DR JOHN Roughan left us yesterday.
He was a giant of a man and a ceaseless campaigner for the cause(s) of the grassroots. He will be sorely missed.
He came to this country as a Priest and through his work many in this country have been helped in more ways than one.
Many are where they are today because of Dr. Roughan’s tireless effort on and off the pulpit as well as from the classrooms of the many Catholic schools he had taught at over the years.
Dr Roughan championed the Non-governmental Organisation (NGO) movement and was indeed its architect in this country.
Although it perhaps took longer for the movement to sprout and take root, today the NGO movement is a grassroots force to reckon with.
One can only hope that those who are bearing the flag today will be guided by Dr Roughan’s vision.
In fact, he came to love the media and used it very effectively in articles after articles that he published.
In fact he used the media, both print and the airwaves very effectively. Rather than being confrontational as some of us are tempted to do from time to time, his approach was the opposite.
He knew how to make his views known in ways some of us love to emulate. In other words, he was fearless but diplomatic and respectful in his approach.
As a columnist for this newspaper, Dr. Roughan was well read both here and overseas. Some of us wish we could write with clarity and force as he had. He was truly exemplary in everything he did.
He had truly set a standard for working scribes and aspiring writers alike. Dr Roughan’s shoes would therefore be very hard to fill. He has done his part.
As a practicing and a learning writer, I’ve always loved to read Dr Roughan’s work.
I have two reasons for doing so. I love the English Language as well as I wish to be a good writer one day so that I would be able to express myself clearly and meaningfully in any or all manner of subjects.

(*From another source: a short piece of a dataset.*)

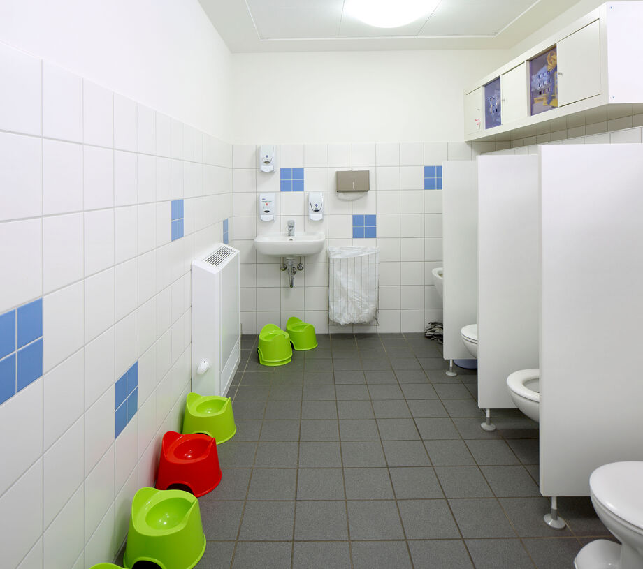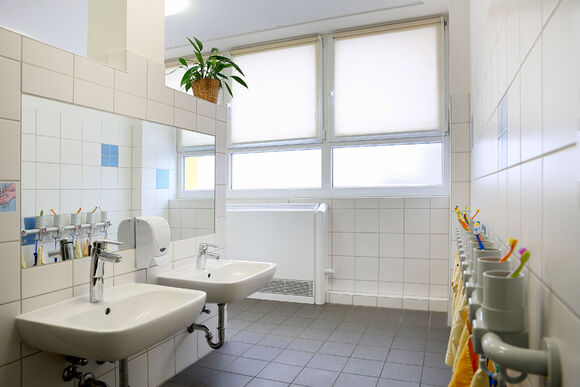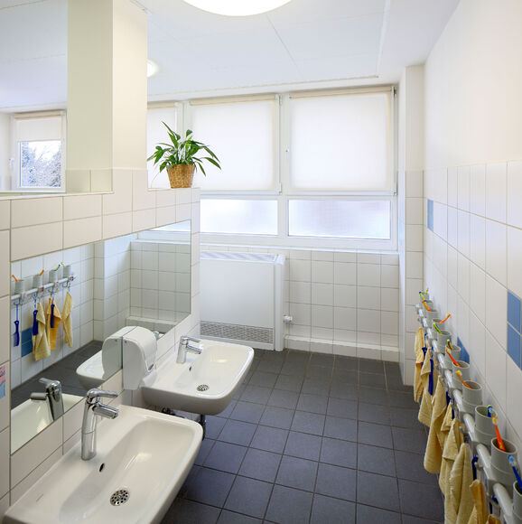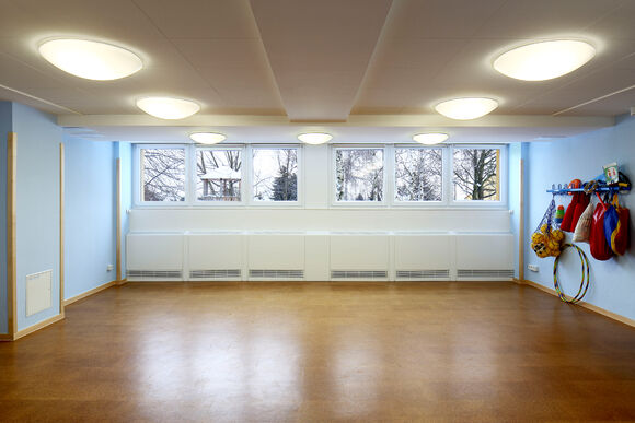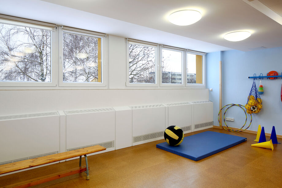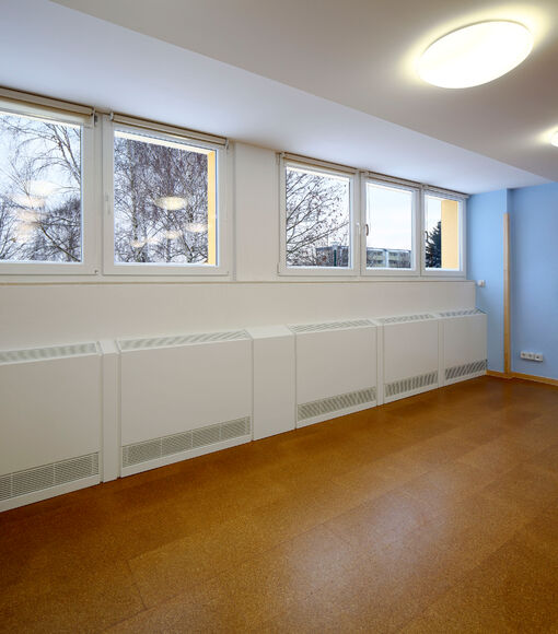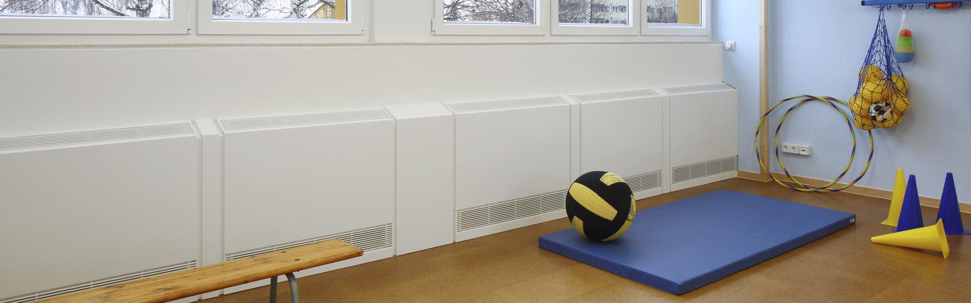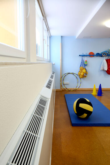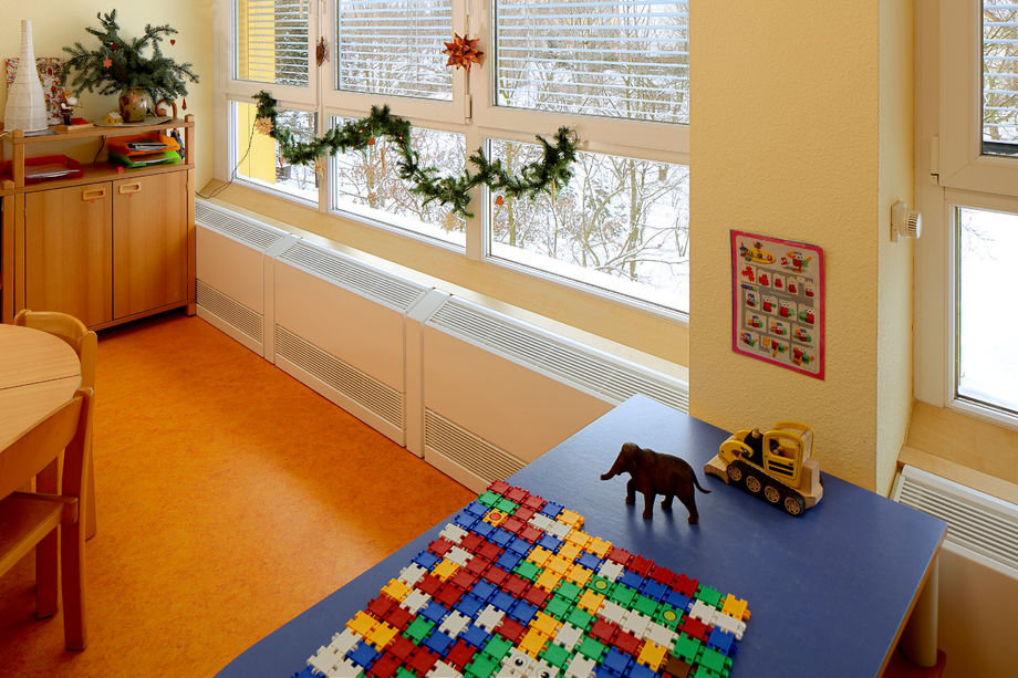 Bei den speziell für die Kindertagesstätte gefertigten Komfortverkleidungen wurde ein besonderes Augenmerk auf die Bedürfnisse der Kinder gelegt. Weder scharfe Stahlkanten noch ein Direktkontakt mit den Konvektoren gefährden die Kleinen.

I believe the living legacy that Dr Roughan has left behind was his unselfish effort in championing the cause(s) of the grassroots people.
He stuck to his gun, regardless of whether the going got tougher.
What set him apart was the fact that he had a vision. He focused on the vision. He never allowed those who did not share his vision derailed it.
Today, the NGO movement in Solomon Islands is where it is today because one man refused to abandon his vision.
He truly stuck to his gun. He truly was a champion. He truly was a man whose shoes would be very hard to fill.
The challenge for the young people today is how prepared they are to carry on the torch in the face of mounting and competing pressure for their attention.
Peer pressure to be just like everyone else is truly the first challenge for the young people today.
We need only a handful of young people with vision and commitment to turn this country around.
It is my firm belief turning this country around is still possible. But it calls for vision, commitment and hard work.
I have no doubt Dr Roughan died a satisfied man – a man who had achieved his vision because he cared, not about himself but those who crossed his path and others who remain on the sideline.
May I join others in this country in conveying to Dr. Roughan’s family my condolences and sympathies in this time of bereavement.
It is a very difficult time and it is my prayer that God will provide you the strength to sustain you in this trying time.